# Dispatch



## HDRider (Jun 15, 2014)

How do you dispatch your goat for slaughter?


----------



## ksalvagno (Oct 6, 2009)

Bullet is the quickest.


----------



## nancy d (Oct 5, 2007)

Always from behind to the back of the neck aimed at angle toward jaw.


----------



## KW Farms (Jun 21, 2008)

.22


----------



## HDRider (Jun 15, 2014)

How would you dispatch if you want the skull to remain undamaged?


----------



## nancy d (Oct 5, 2007)

The buck skull I have wasn't damaged.


----------



## CritterCarnival (Sep 18, 2013)

My method:

I lead the goat out to a nice clean grassy area, place a small handful of grain on the ground and let them start eating it. This places the head and neck in the perfect position for a clean instant kill shot. Don't do this on concrete, and don't place the grain in a container. Doing either, may result in a ricochet and/or damaged container if the bullet passes all the way through.

For the actual shot, I use a 22 cal _rifle_...this lets me stay back a bit so as not to distract the goat from the grain so it stays still. I stand beside the goat near it's rib cage and point the muzzle of the rifle at the back of the neck, centered on the spot just where the skull meets the atlas bone. This position assures a clean severing of the brain stem upon pulling the trigger...the goat will drop instantly and be dead.

Don't worry about kicking or struggle, the goat is dead, the brain isn't aware, it's just muscle memory movement.

Immediately sever the jugular and carotid arteries to allow blood to drain quickly, and get the body cleaned, skinned and cooled as soon as possible.


----------



## Wild Hearts Ranch (Dec 26, 2011)

I tie them to a tree by the horns so they can't move. I would never shoot an unrestrained goat, on the chance that they shift just wrong.

Clean kill is more important than a pretty skull, IMHO.


----------



## toth boer goats (Jul 20, 2008)

I agree and very good advice.


----------



## HDRider (Jun 15, 2014)

No one has shown favor to the Halal method..


The animal must be slaughtered by the use of a sharp knife. The knife must not kill due to its weight.
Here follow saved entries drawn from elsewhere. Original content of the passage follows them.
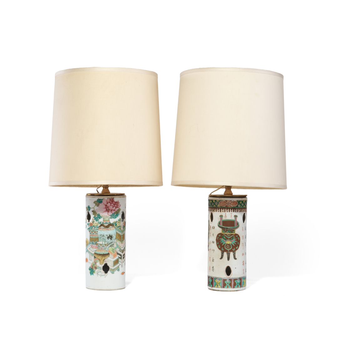 Porcelain with polychrome enamel decoration of compositions with objects and inscriptions, polylobed openings on the body of each vessel.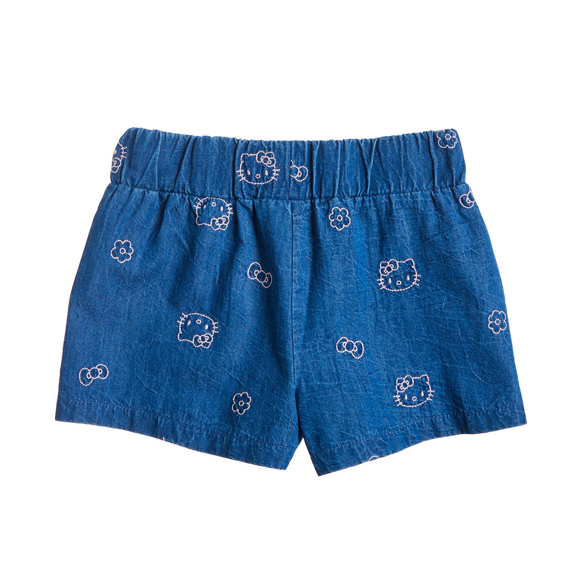 Shorts made of extremely soft denim fabric with elastic at the waist, embroidered pattern and side pockets.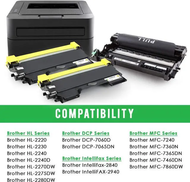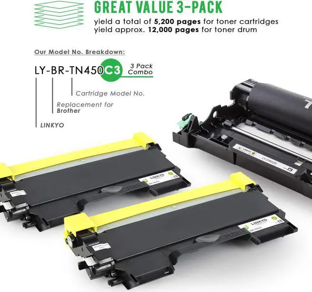 This 3-Pack LINKYO Replacement Toner Cartridges for Brother TN450 and DR420 is compatible with the following printers: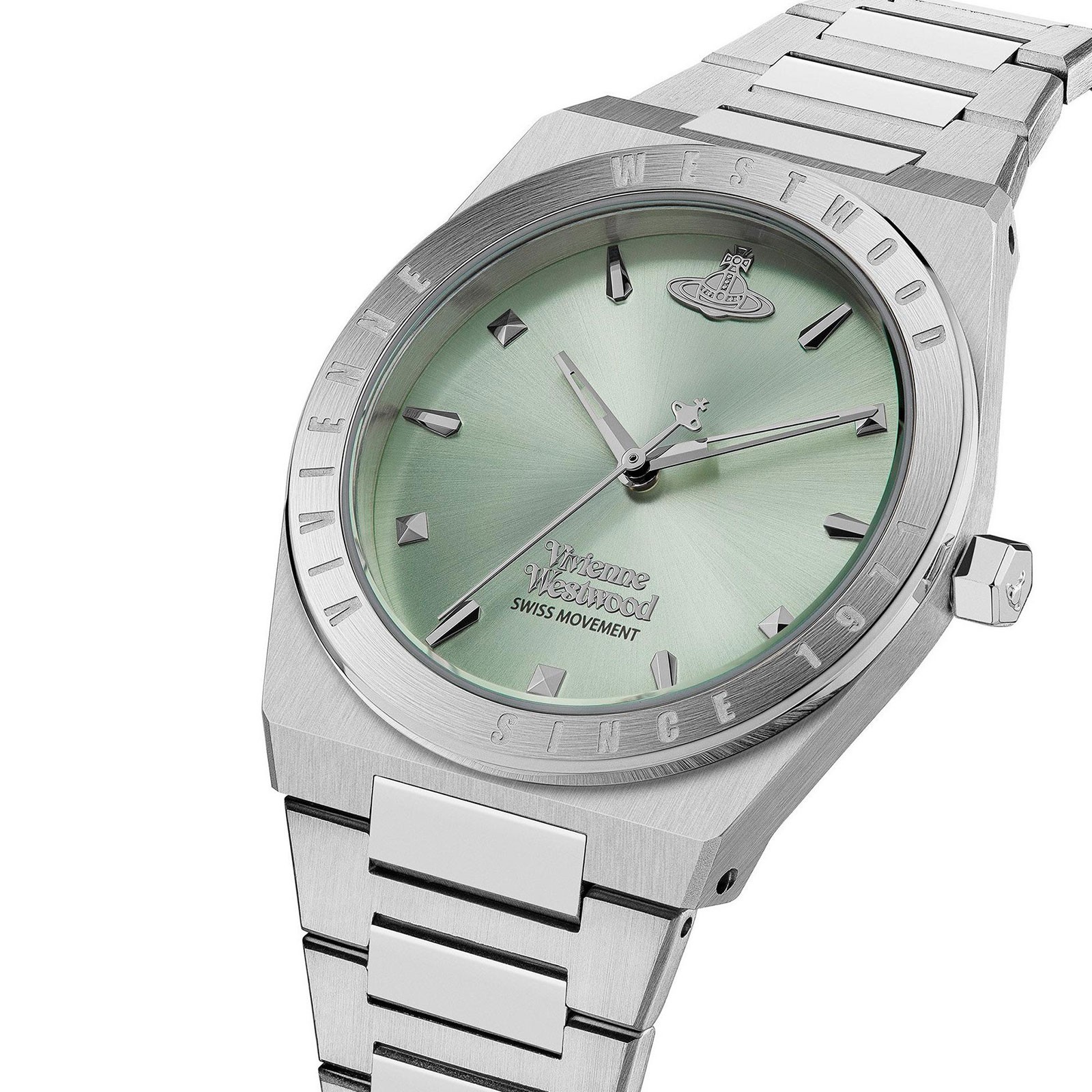 Elegant and contemporary, Vivienne Westwood Charterhouse takes its name and inspiration from Charterhouse Street, situated in the famous London jewellery quarter, Hatton Garden. The newest addition to the range this season features the signature Vivienne Westwood logo engraved on the bezel with sunray dials and faceted indices, which beautifully reflect the light. The 39.5mm case with 50m water resistance is presented on a stainless steel bracelet and finished with a butterfly clasp. Boasting a stylish and sleek aesthetic with a luxurious green dial with stainless steel hands and hour markers. Enhanced with stylish detailing, add everyday designer glamour as this timepiece is sure to compliment every look. Perfect for lovers of designer style.

If it kills due to the impact the meat may not be permissible.

The windpipe (throat), food-tract (oesophagus) and the two jugular veins must be cut.

The slaughtering must be done in one stroke without lifting the knife. The knife should not be placed and lifted when slaughtering the animal.


----------



## CritterCarnival (Sep 18, 2013)

HDRider said:


> No one has shown favor to the Halal method..
> 
> 
> The animal must be slaughtered by the use of a sharp knife. The knife must not kill due to its weight. If it kills due to the impact the meat may not be permissible.
> ...


Halal is not humane...


----------



## ariella42 (May 22, 2014)

Halal and Kosher methods were the most humane at the time they were written. A well-aimed shot is going to put an animal down faster, but a knife cut by an experienced slaughterman is still fast.


----------